Беру её руку в свою. Она хрупкая, нежная. Просто ребёнок. Девчонка! Глупышка. Напридумала что-то в своей голове.

— Светлан, — говорю и склоняюсь, пытаясь поймать её взгляд, — Я женат. У меня двое деток. Дочка моя совсем чуть-чуть старше тебя. Я тебе в папы гожусь, понимаешь?

Она быстро кивает, но всё ещё плачет.

— Светлан, — продолжаю я мягко, — Ты очень хорошая девочка. Просто пойми, я не пара тебе. Ну, никак! Даже будь я свободен, я всё равно бы не стал заводить отношения с юной студенткой.

— Деловой этикет? — шепчет Света.

— Нет, не только, — я думаю, как обозвать то, что я ощущаю, — Скорее, ответственность. Ты мне как дочь. И не только по возрасту.

Света обиженно шмыгает носом.

— Найди себе парня-ровесника. И прекрати изводить свой хорошенький мозг.

Её щёки краснеют. Пожалуй, достаточно умных речей.

— Вы подаёте надежды, Светлана, — перехожу я на «вы», дабы снова создать между нами границу, — И я не хочу, чтобы это негативным образом отразилось на вашей учёбе.

Моисеева быстро кивает:

— Уверяю вас, Константин Борисович, это не скажется.

— Вот и отлично! — ободряюще я улыбаюсь, ловлю её влажный, обиженный взгляд. Моя ладонь до сих пор у неё на плече. И я нервно одёргиваю руку, теряюсь, сую ей обратно бумаги, — Отличный доклад! Уверен, вы выступите с ним достойно.

Она смотрит с надеждой:

— Вы будете там?

Пожимаю плечами:

— Не знаю. Если получится, я непременно приду, чтобы вас поддержать.

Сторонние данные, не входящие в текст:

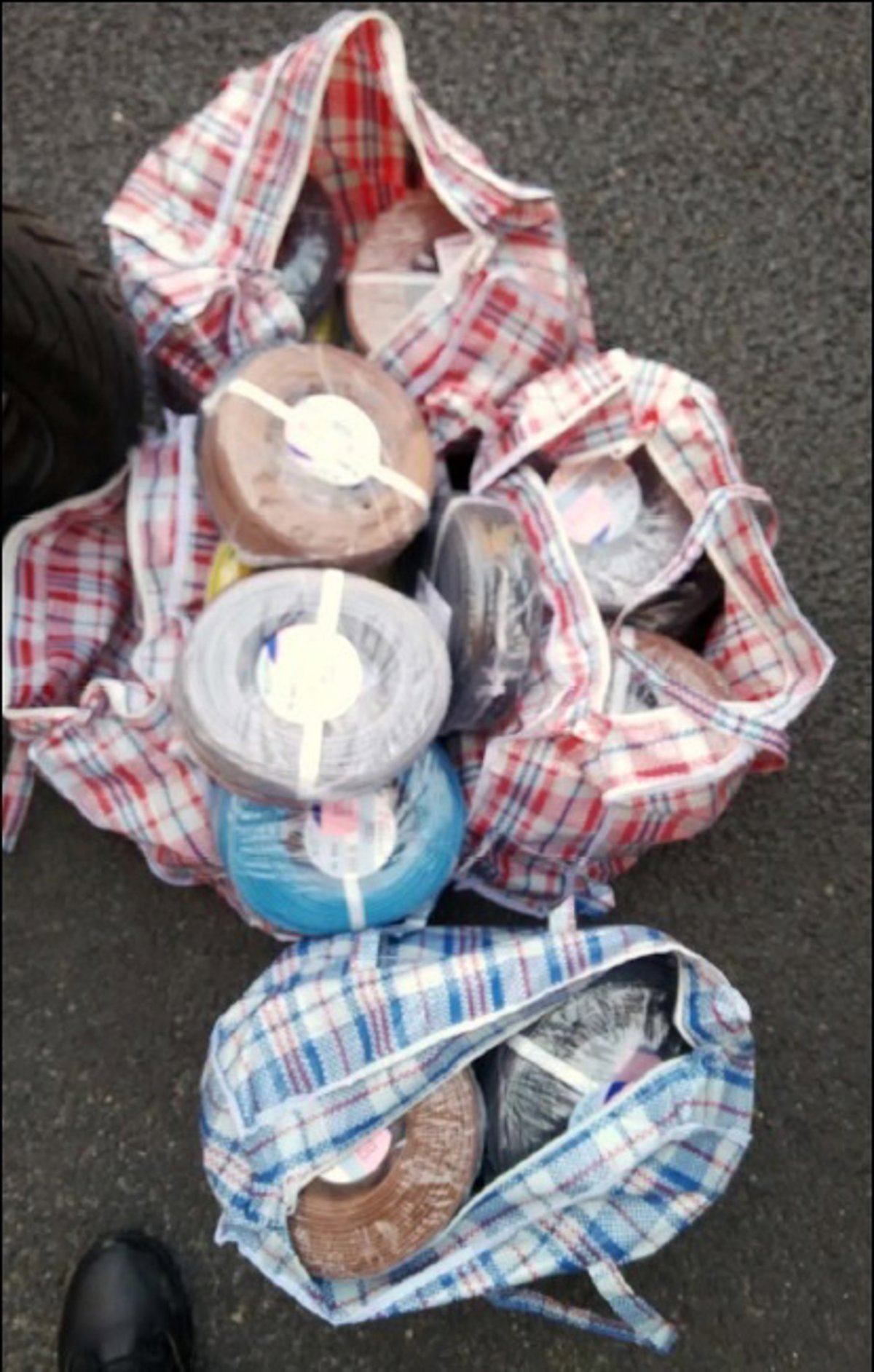 Al solicitarles que justificasen su procedencia mediante factura, albarán o ticket, el conductor se mostró muy nervioso, no pudiendo justificar la procedencia y alegó que se lo había regalado un amigo. Ante ello, y a expensas de acreditar la pertenencia, se intervino la mercancía con un total de 40 rollos de 100 metros cada uno.
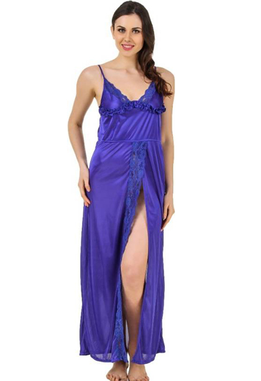 Blue Front Sexy Slit Cut Long Nighty
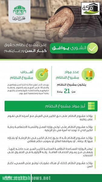 ويهدف مشروع النظام المكون من إحدى وعشرين مادة, إلى تعزيز مكانة كبار السن ورفاههم والحفاظ على أمنهم وسلامتهم, وحماية حقوقهم والمحافظة عليها ,وضمان رعايتهم رعاية أسرية ومجتمعية تليق بهم .
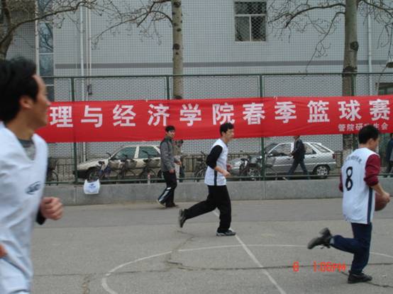 為調動更多研究生參加體育活動、鍛煉身體的積極性,響應教育部“每天鍛煉一小時,健康工作50年,幸福生活一輩子”的號召,在學院領導的殷切關懷和廣泛取得同學意見的基礎上,經過研究生會的精心組織與各班班委的大力協調,管理與經濟學院研究生春季籃球聯賽于3月8日在學校東籃球場揭開了帷幕。
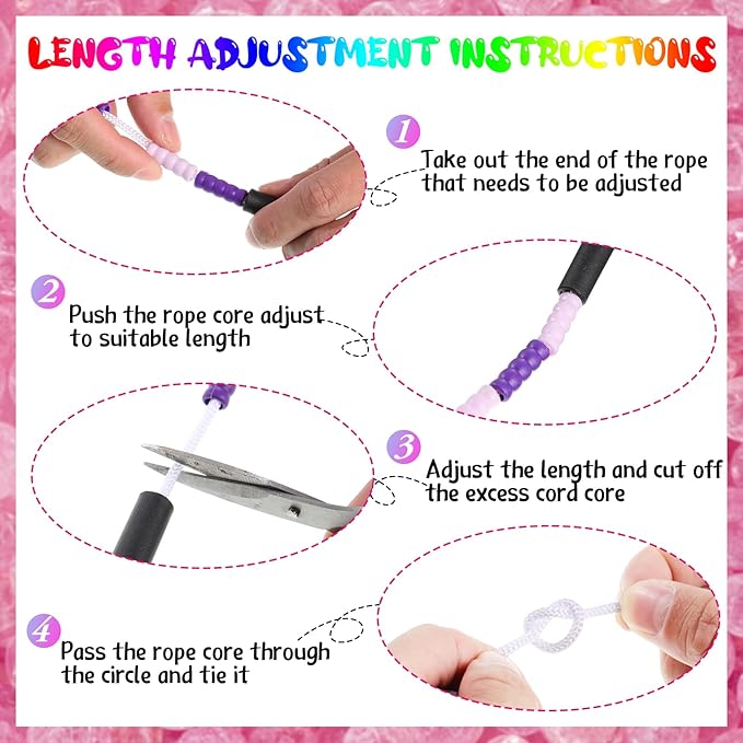- Package Includes: you will receive 36 pieces of beaded jump ropes for kids and adults in 9 colors, 4 pieces for each color, enough to meet your various use and replacement demands, which are also thoughtful gifts for your loved ones, such as friend, family, kids and more
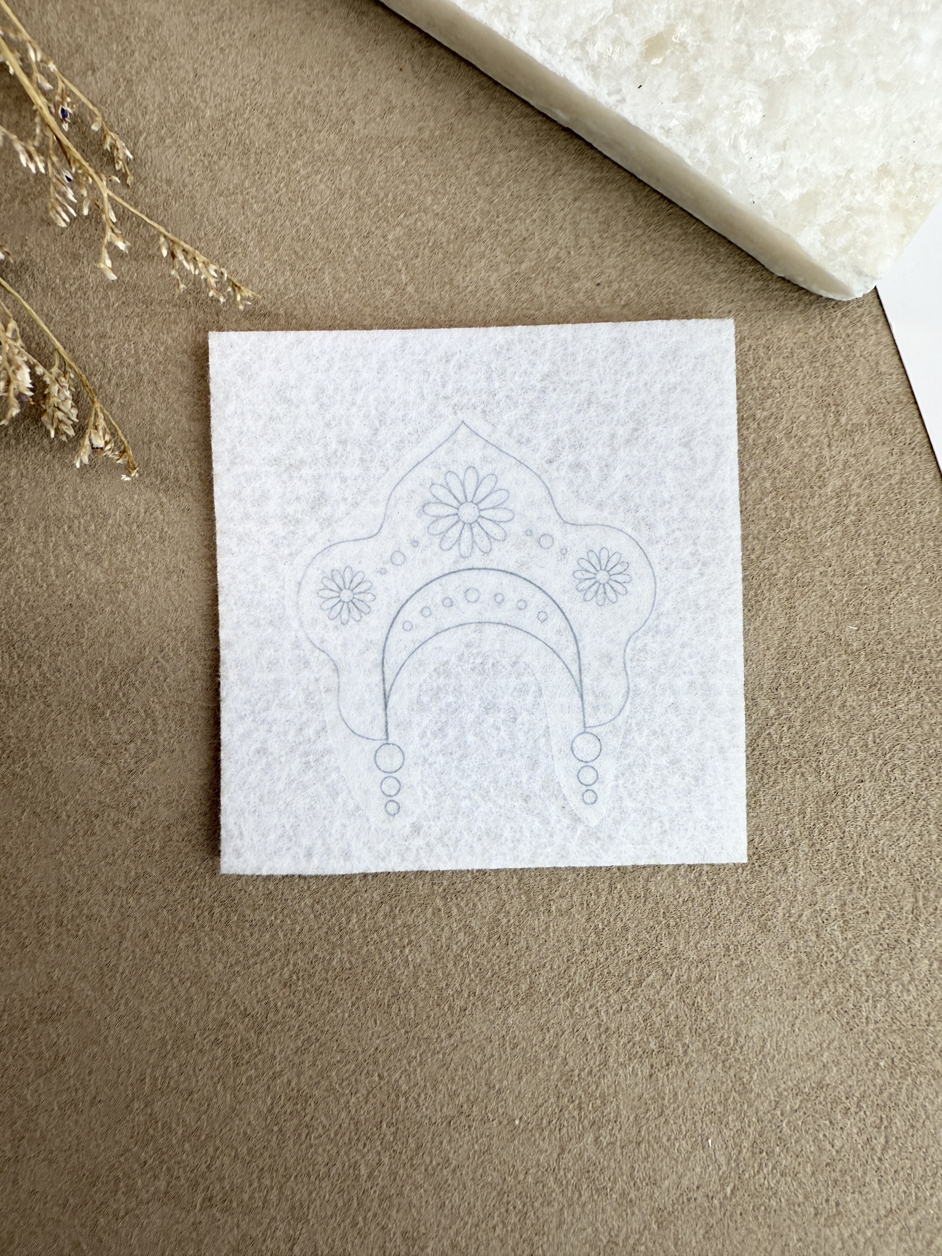 Шаблон "Кокошник" для вышивки бисером или гладью матрешки. Выполнен на корейском жестком фетре
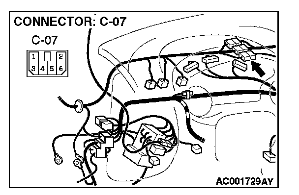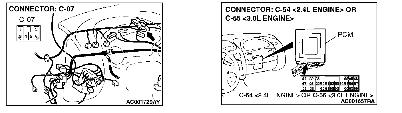 STEP 3. Check intermediate connector C-07 and PCM connector C-54 <2.4L Engine> or C-55 <3.0L Engine> for loose, corroded or damaged terminals, or terminals pushed back in the connector.
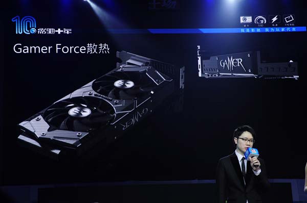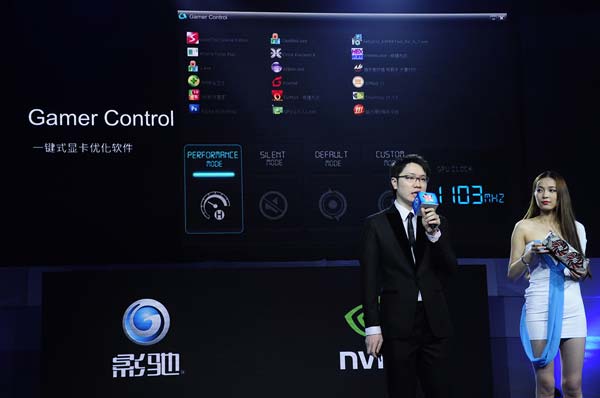 Нам показывают софт Gamer Control, который позволит управлять её кулером, осуществлять разгон карты Galaxy, её мониторинг и всё в таком духе:
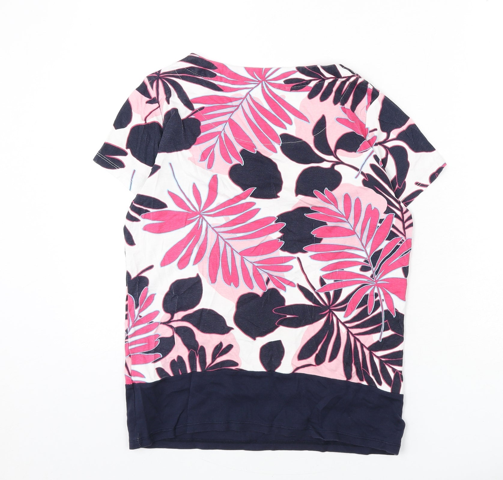 Maine New England Womens Multicoloured Geometric Cotton Basic T-Shirt Size 12 Round Neck - Leaf Print
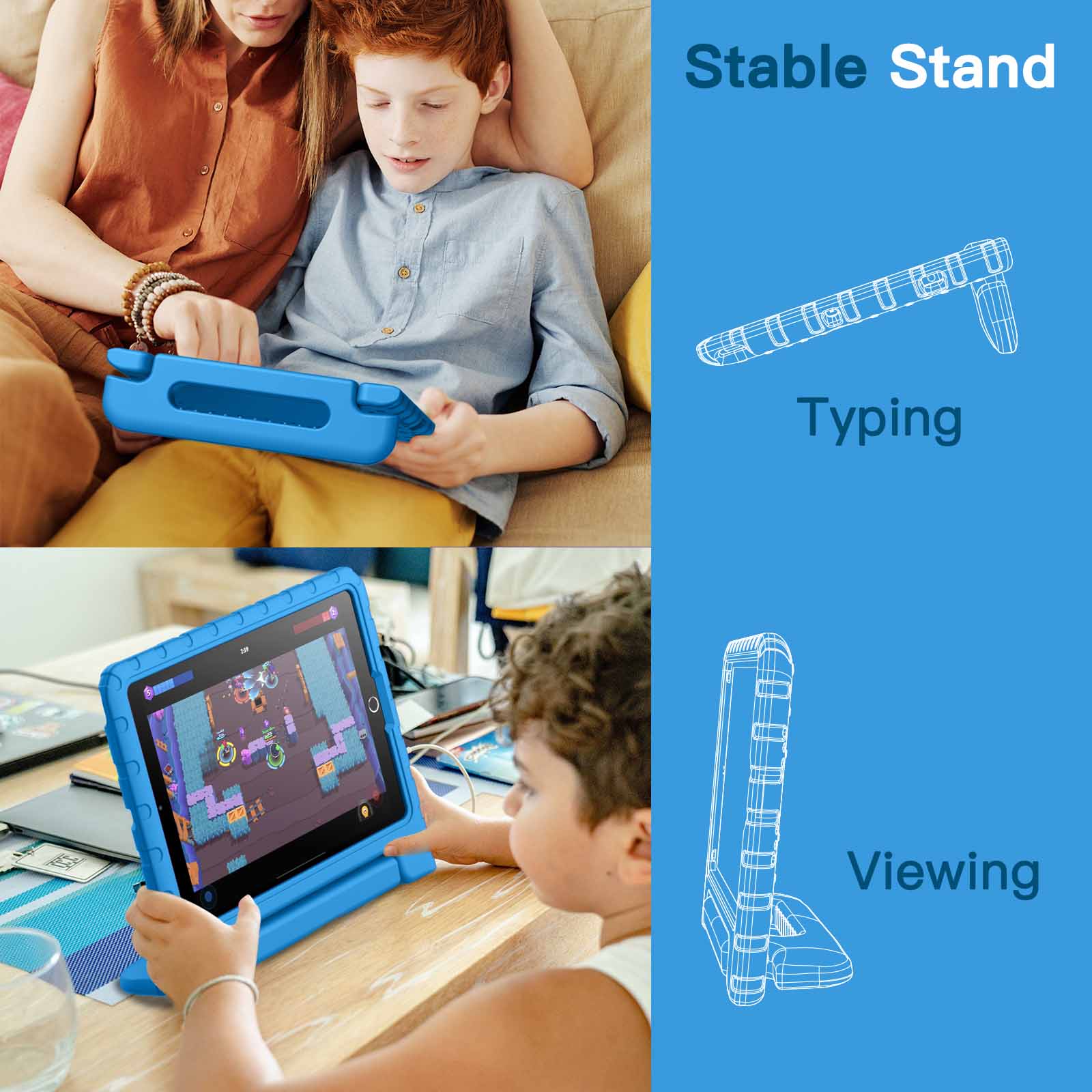 [Convertible Handle] Designed with a handle with anti-slip textures. It is easy for kids to carry around, and the handle can be folded back into a stand for hands-free viewing and comfortable typing
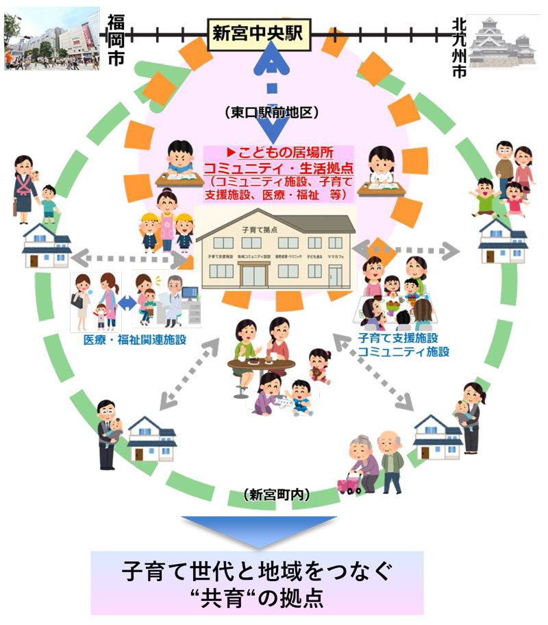 同基本構想では、同跡地活用事業のコンセプトとして「子育て世代と地域をつなぐ“共育”の拠点形成」が掲げられている。単なる建物の再利用ではなく、子ども・保護者・地域住民がつながる複合拠点として整備する考え方が示されている。
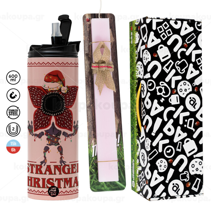 Stranger Things Christmas, Πασχαλινή Λαμπάδα με ΡΟΖ Travel Tumbler θερμό (600ml, BPA free) & κερί αρωματικό πλακέ (30cm) (ΡΟΖ)
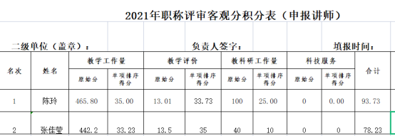 现将太阳成集团tyc122cc2021年讲师职称评审客观分积分表予以公示,公示期为3天(2020年11月10日-12日),公示期间如有异议,请向太阳成集团tyc122cc专业技术职务评审工作小组反映。电话号码:0915-3525938,0915-3260251。
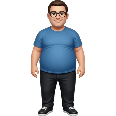 chico con camiseta azul pantalones negros pero con piernas zapatos i que tenga mas 18 años i que el chico sea gordo GAFAS de color naranja emoji | AI Emoji Generator
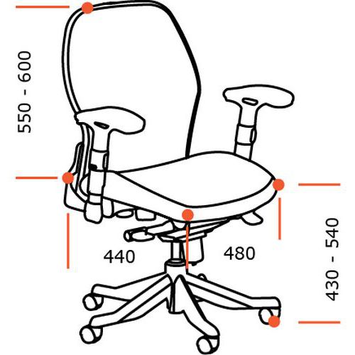 Krzesła mają regulowane ergonomiczne oparcie, pokryte przewiewną siateczką i zintegrowanym podparciem kręgów lędźwiowych.
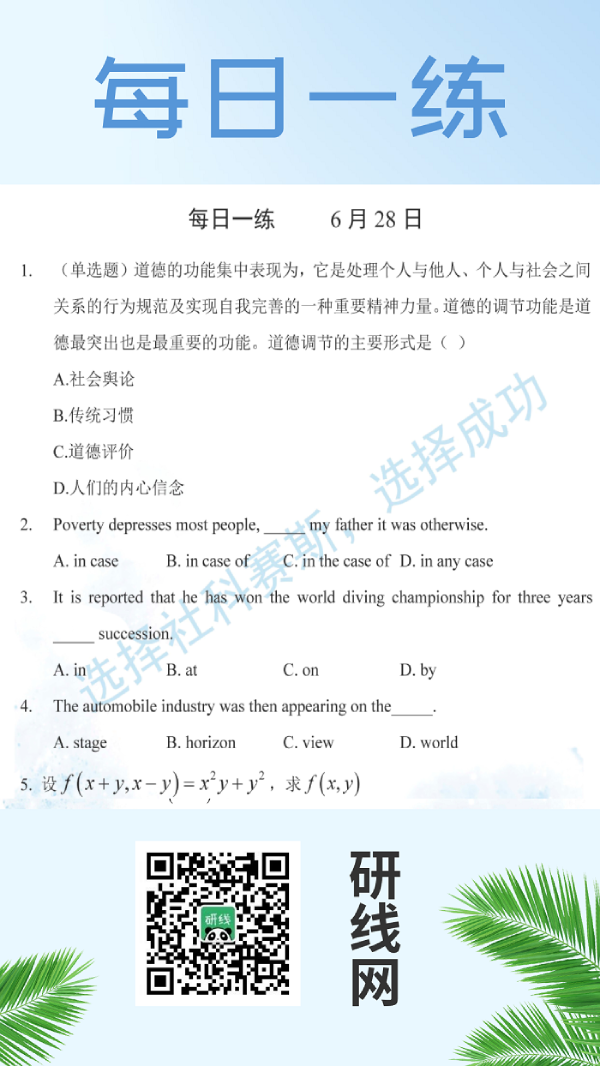 6月28日:2020考研學(xué)碩每日一練以及答案
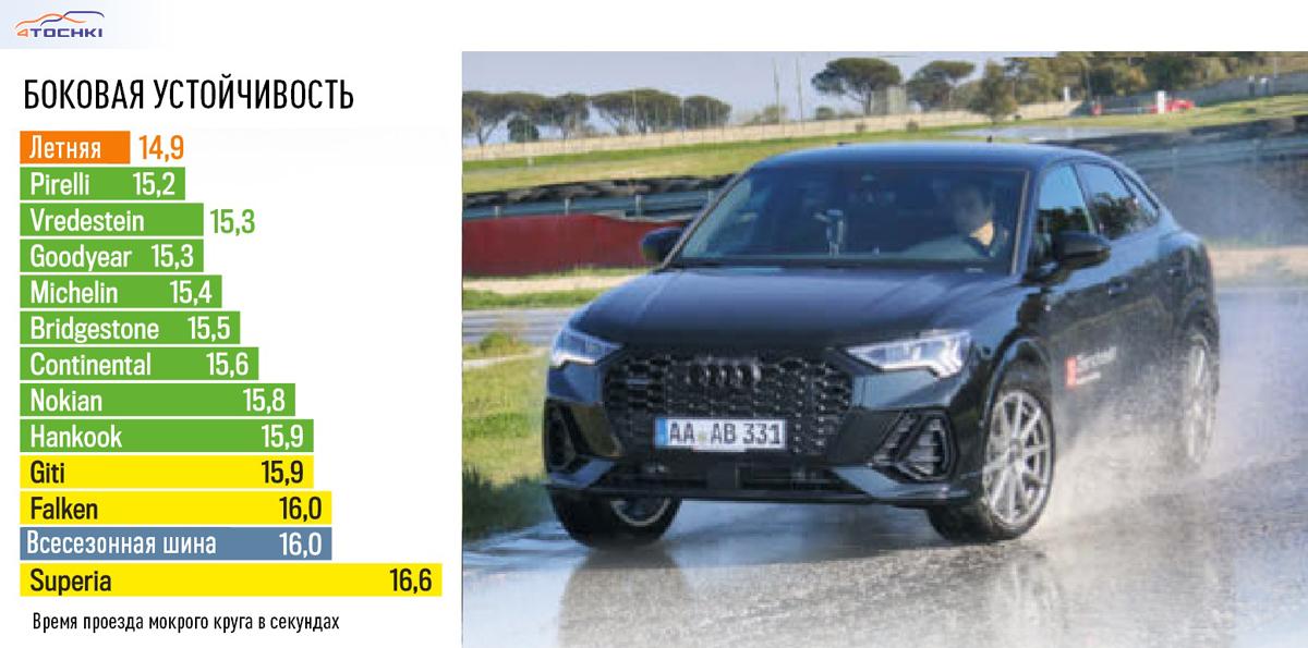 КРУГОВАЯ ТРАССА. Высокая боковая устойчивость на мокрой дороге обеспечивает запас безопасности в поворотах. В то время как разрывы между шинами в лидирующей группе незначительны, в нижней части протокола результаты сильно разнятся. Неожиданность - скромный результат всесезонной шины.

Света, вытерев щёки, кивает:

— Спасибо! Простите… меня.

— Что ты, Света? — опять опускаюсь до фамильярности, захваченный этим стыдом, — Юность на то и нужна, чтобы влюбляться не в тех.

Сам улыбаюсь своей искромётнейшей фразе. Так и есть! Это свойственно девушкам. На ком их глаза распахнулись, в того и влюбилась. Да так, что трава не расти! Как было у Витки… Надеюсь, у Светы не так?

Она собирает бумаги, опять прижимает к груди. И вроде не скажешь, что что-то не ладно. Если не влага в глазах, что уже почти высохли.

— Спасибо вам, Константин Борисович! Вы замечательный педагог.

Я, обрадованный таким поворотом, киваю:

— И вам спасибо, Светлана. Вы очень способная студентка! И я уверен, у вас ещё всё впереди.

Когда Света уходит, я долго стою неподвижно. Смотрю на закрытую дверь. Будто сейчас в эту дверь войдёт кто-то и скажет: «А я всё видел!». Но никто не заходит. Мандраж постепенно проходит. Я делаю вдох. Вот так-так… Проскочил! А ведь мог бы и вляпаться? Не зря Моложаев меня убеждал, что главное — это дистанция.

Чай остыл. Я выливаю его в умывальник. И плещу себе свежего. Бутерброд, оказавшись во рту, вынуждает забыть обо всём. Закрываю глаза, наслаждаюсь обедом. Осталось всего пять минут. И нагрянут студенты.

«Душка», — вспоминаю я голос Светланы. Да, уж! Тут не поспоришь. Я — душка. Вот уж точно, чего не отнять.

Загрузка...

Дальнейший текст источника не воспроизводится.